Exercise goal: For the entries below, the expected answer is the line with "Jarrets d’agneau rustiques", the line with "This was in", and every line between them, exactly as written, and nothing more.

Supplied data:

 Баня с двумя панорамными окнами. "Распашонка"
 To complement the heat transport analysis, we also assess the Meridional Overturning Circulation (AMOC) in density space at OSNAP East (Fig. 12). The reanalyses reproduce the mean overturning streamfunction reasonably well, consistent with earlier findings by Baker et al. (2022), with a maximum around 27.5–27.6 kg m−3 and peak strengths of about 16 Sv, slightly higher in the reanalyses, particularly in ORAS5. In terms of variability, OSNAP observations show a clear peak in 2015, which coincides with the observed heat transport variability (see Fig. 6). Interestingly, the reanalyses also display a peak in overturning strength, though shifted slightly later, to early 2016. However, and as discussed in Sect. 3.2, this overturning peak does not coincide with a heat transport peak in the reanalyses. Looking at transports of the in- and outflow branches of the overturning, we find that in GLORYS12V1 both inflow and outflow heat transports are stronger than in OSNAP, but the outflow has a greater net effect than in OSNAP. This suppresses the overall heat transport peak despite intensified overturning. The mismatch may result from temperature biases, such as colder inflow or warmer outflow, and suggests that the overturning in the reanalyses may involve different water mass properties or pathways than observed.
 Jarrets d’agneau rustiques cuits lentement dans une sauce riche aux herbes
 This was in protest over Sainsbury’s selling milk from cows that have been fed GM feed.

* * *

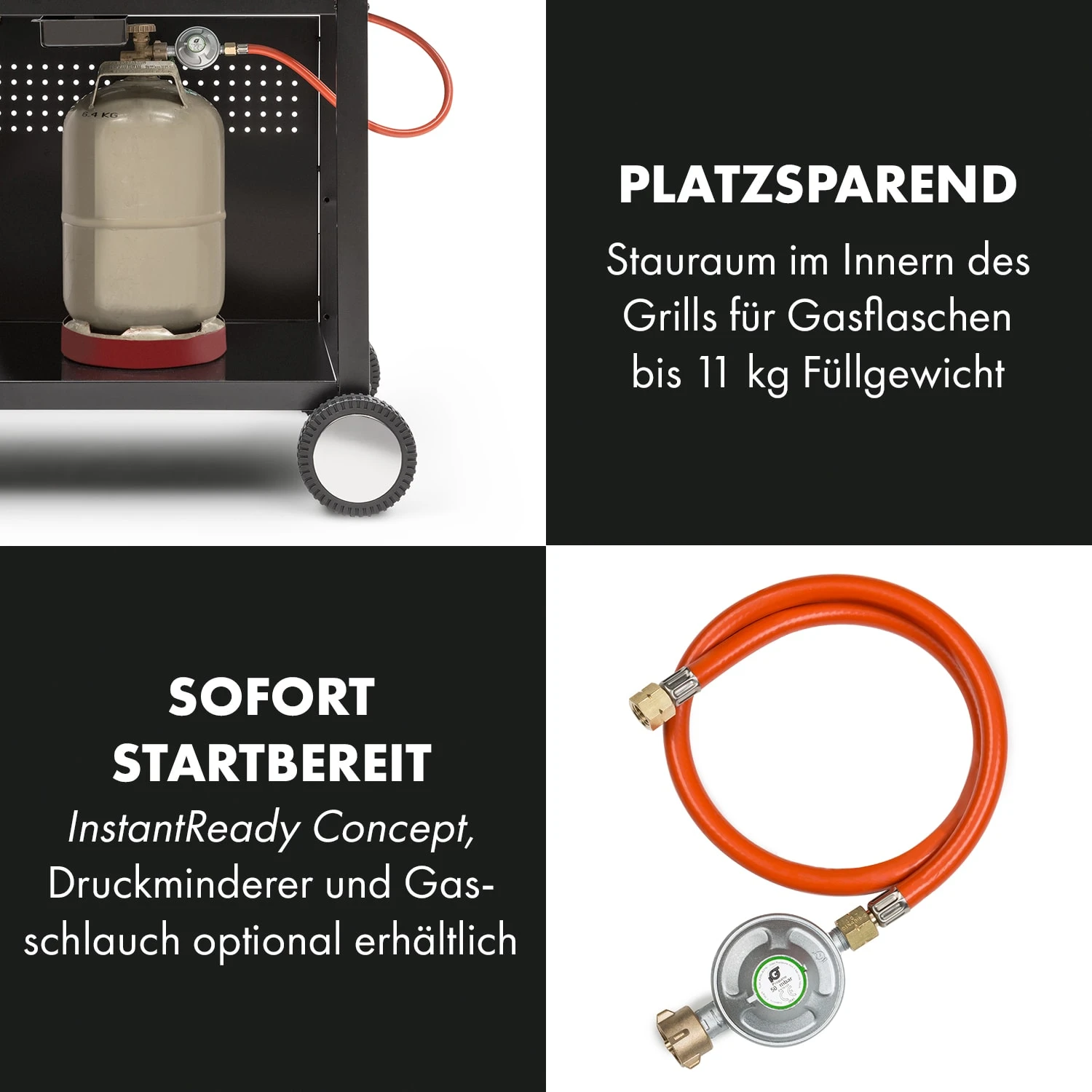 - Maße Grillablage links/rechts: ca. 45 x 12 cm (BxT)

Result below:
 Jarrets d’agneau rustiques cuits lentement dans une sauce riche aux herbes
 This was in protest over Sainsbury’s selling milk from cows that have been fed GM feed.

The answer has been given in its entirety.